Together with the biobank’s existing records, including electronic health records, this genomic data will shed new light on the role genes play in causing an array of diseases. It could also be used to identify people who might be more susceptible to those diseases, potentially paving the way for targeted drug development and new precision treatments. 

“UK Biobank provides the global research community with the most detailed picture of human health that exists, giving scientists an unprecedented toolbox for discovery,” says UK Biobank’s Chief Scientist, Professor Naomi Allen. 

“Researchers can use these data to understand why some people develop certain diseases and others don’t – and to find better ways to diagnose disease early and develop new treatments at a scale that’s never been done before.” 

Separately, as part of an initiative called the Alliance for Genomic Discovery, GSK and several of its peers are funding the whole-genome sequencing of DNA from 250,000 patients. By relying more heavily on samples from underrepresented ancestries, the alliance aims to expand the diversity of genomic data and learn more about the underlying genetic causes of many diseases. 
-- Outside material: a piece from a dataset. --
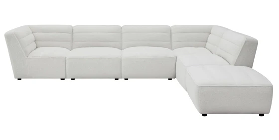 This 6-piece contemporary modular sectional by Coaster includes 3 armless chairs, 2 corners, and an ottoman, channel-tufted backrests, and a natural faux sheep skin upholstery. Its light hue pairs with many color palettes, inviting occupants to recline with ease. For versatility, the ottoman can be used as a coffee table, with a tray of snacks and beverages placed atop. Finishing the look is a set of petite round feet in bold black.
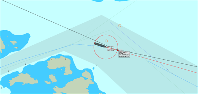 Viking Grace ja Skiftet kohtaavat samalla väyläosuudella päivittäin alusten aikatauluista johtuen. VTS seuraa aluksia ja varoittaa mm. vastaantulevasta liikenteestä. Väylä tekee jyrkän mutkan Enskärin pohjoispuolella, mutta Enskär ei rajoita näkyvyyttä. Väyläalueen varmistettu syvyysalue on melko leveä kohtaamispaikassa, joten se ei rajoita väistöliikkeitä.

Other ambitious data-gathering efforts are advancing rapidly as well.  

In the US, researchers have discovered more than 275 million previously unreported genetic variants thanks to a National Institutes of Health program known as ‘All of Us’. The platform plans to collect data from at least 1 million people in a bid to reveal new information that could positively impact human health. 

“In recent years, we’ve gone from working with data from thousands of individuals to working with data from millions of individuals – and now we’re looking at hundreds of millions of genetic variants and tens of thousands of human phenotypes,” Robert Scott, Vice President of Human Genetics and Genomics at GSK, concludes.